We love a good glaze for a superstar protein, so tonight’s tender haloumi gets tossed in an oregano, lemon and honey glaze, adding just the right amount of herb to sweetness ratio. Paired with garlic-chilli spiked veggies and some flaked almonds for some extra crunch, this one is a real textural treat!
This recipe is under 650kcal per serving and under 40g carbohydrates per serving.
The quantities provided above are averages only.
Always read product labels for the most up-to-date allergen information. Visit hellofresh.com.au/foodinfo for allergen and ingredient information. If you have received a substitute ingredient, please be aware allergens may have changed.
1 sachet
Chilli Flakes
2
Zucchini
1 packet
Green Beans
1
Lemon
2
Garlic
1 packet
Haloumi
(Contains: Milk;)
1 packet
Flaked Almonds
1 sachet
Dried Oregano
1 drizzle
olive oil
½ tbs
honey
• In a medium bowl, place haloumi and cover with water to soak.
• Trim green beans. Thinly slice zucchini into sticks. Finely chop garlic. Slice lemon into wedges.
• In a small bowl, combine dried oregano, the honey, a good squeeze of lemon juice and a splash of water.
• Drain haloumi and pat dry.
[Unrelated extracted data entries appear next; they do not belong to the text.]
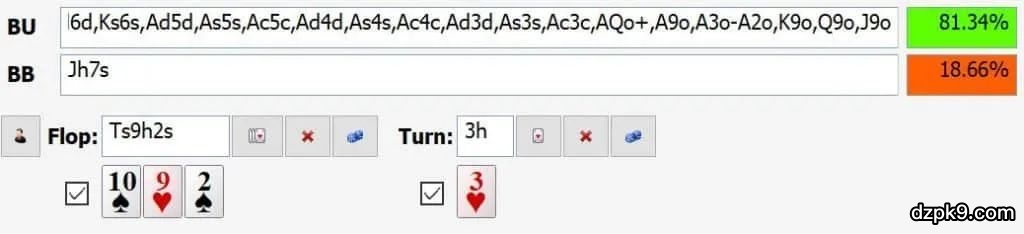 对于最后两手牌,我们将关注整个范围,而不是特定一手底牌。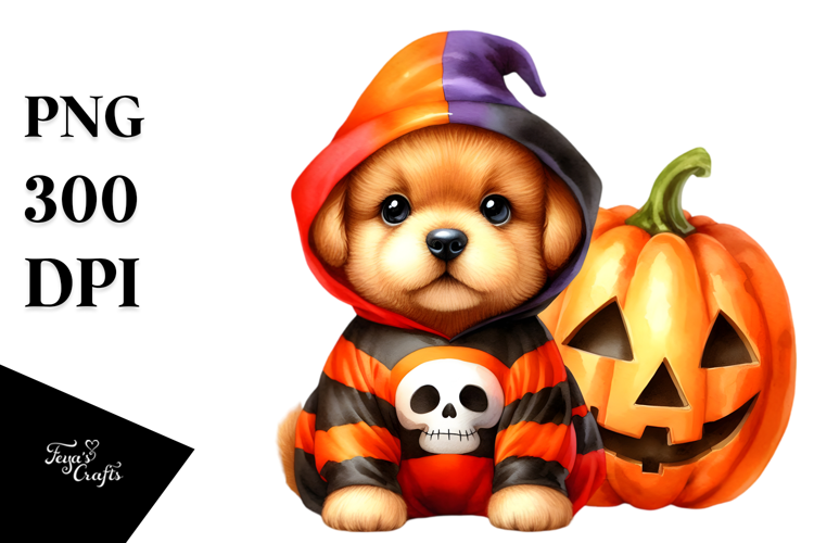 Cute Baby Dog Dressed for Halloween | Sublimation | Clipart example image 1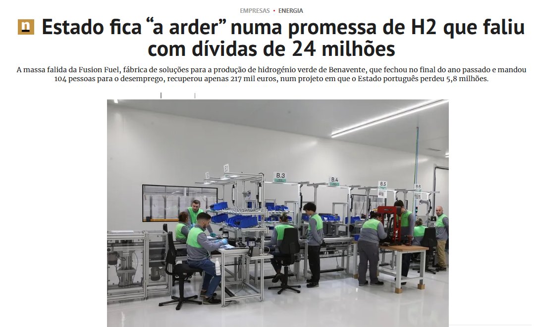 MarcoAntonio Escreveu:Fusion Fuel muda foco do hidrogénio verde para o gás para tentar salvar a empresa - Energia - Jornal de NegóciosCom a fábrica de eletrolisadores de Benavente parada, e sem dinheiro para pagar a trabalhadores e funcionários, a Fusion Fuel anunciou a compra de 70% de uma empresa americana de fornecimento de gás.

Cut the haloumi into 1cm-thick slices.
• In a large frying pan, heat a drizzle of olive oil over medium-high heat.
• Cook haloumi until golden brown, 1-2 minutes each side.
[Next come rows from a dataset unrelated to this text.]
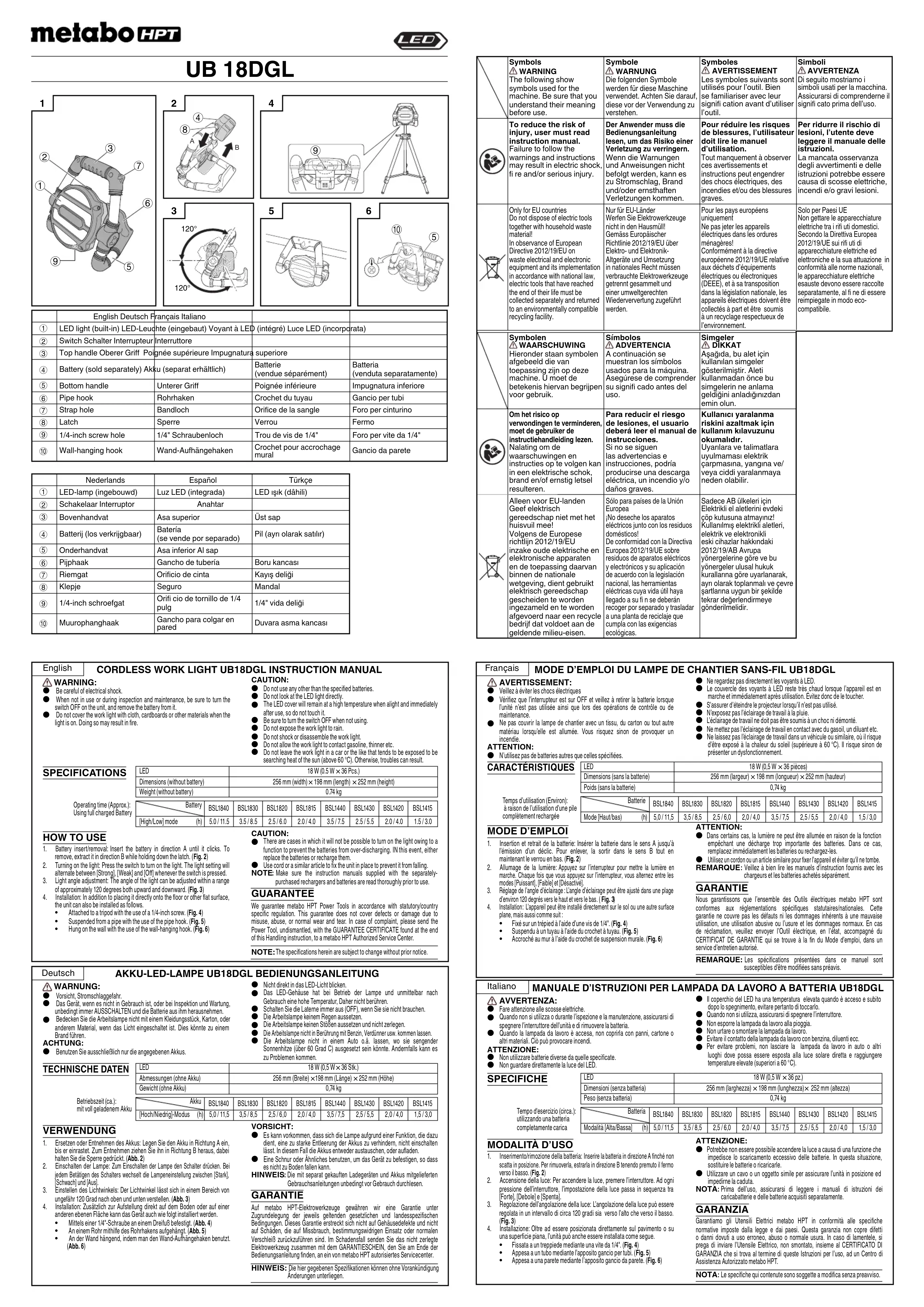 Utilisez un cordon ou un article similaire pour fi xer l’appareil et éviter qu'il ne tombe. REMARQUE : Veillez à bien lire les manuels d’instruction fournis avec les chargeurs et les batteries achetés séparément. GARANTIE Nous garantissons que l’ensemble des Outils électriques metabo HPT sont conformes aux réglementations spécifi ques statutaires/nationales. Cette garantie ne couvre pas les défauts ni les dommages inhérents à une mauvaise utilisation, une utilisation abusive ou l’usure et les dommages normaux. En cas de réclamation, veuillez envoyer l’Outil électrique, en l’état, accompagné du CERTIFICAT DE GARANTIE qui se trouve à la fi n du Mode d’emploi, dans un service d’entretien autorisé. REMARQUE: Les spécifi cations présentées dans ce manuel sont susceptibles d'être modifi ées sans préavis. Italiano MANUALE D’ISTRUZIONI PER LAMPADA DA LAVORO A BATTERIA UB18DGL AVVERTENZA: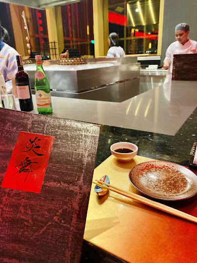 (Google translate) 這家酒店現在仍然是馬尼拉最大的酒店,所以請多留點時間來尋找餐廳。非常明亮,有吸引力的紅色燈籠。 預訂我們團隊的吧台桌,因為看著廚師準備我們的食物很棒。 這不是我所期望的,因為他們實際上大多在高燒烤站後面燒烤。 但是我們坐著的地方正對著大噴泉,在晚餐時我們可以看到噴泉的表演,如果您想近距離觀察,可以隨時走到那裡,它非常近,而且是一個非常不錯的地方。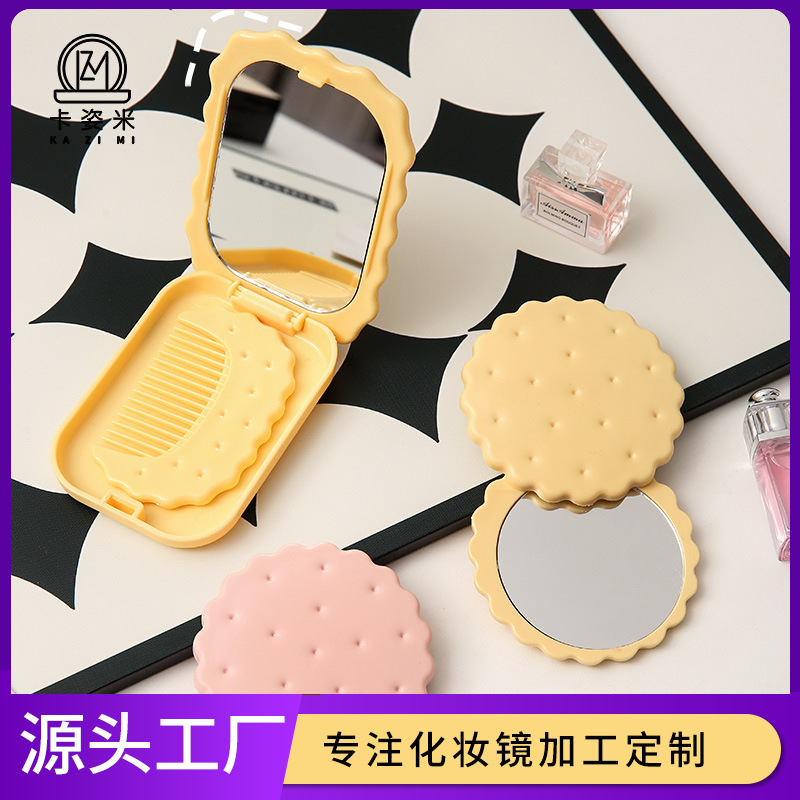 創意的なミニビスケットの形の化粧鏡のかわいい王女は携帯して化粧鏡を洗って丸い鏡のセットを折り畳みます。

• Add lemon herb glaze and cook, turning to coat, until fragrant, 1 minute.
• Meanwhile, in a second large frying pan, heat a drizzle of olive oil over high heat.
• Cook green beans and zucchini, until tender, 4-6 minutes.
• Reduce heat to medium, then add garlic and chilli flakes (if using) and cook until fragrant, 1 minute. Season with salt and pepper.
TIP: If your pan is getting crowded, cook veggies in batches for the best results!
• Divide herby lemon haloumi and garlic greens between plates. Spoon over any remaining glaze from pan.
• Sprinkle over flaked almonds. Serve with any remaining lemon wedges. Enjoy!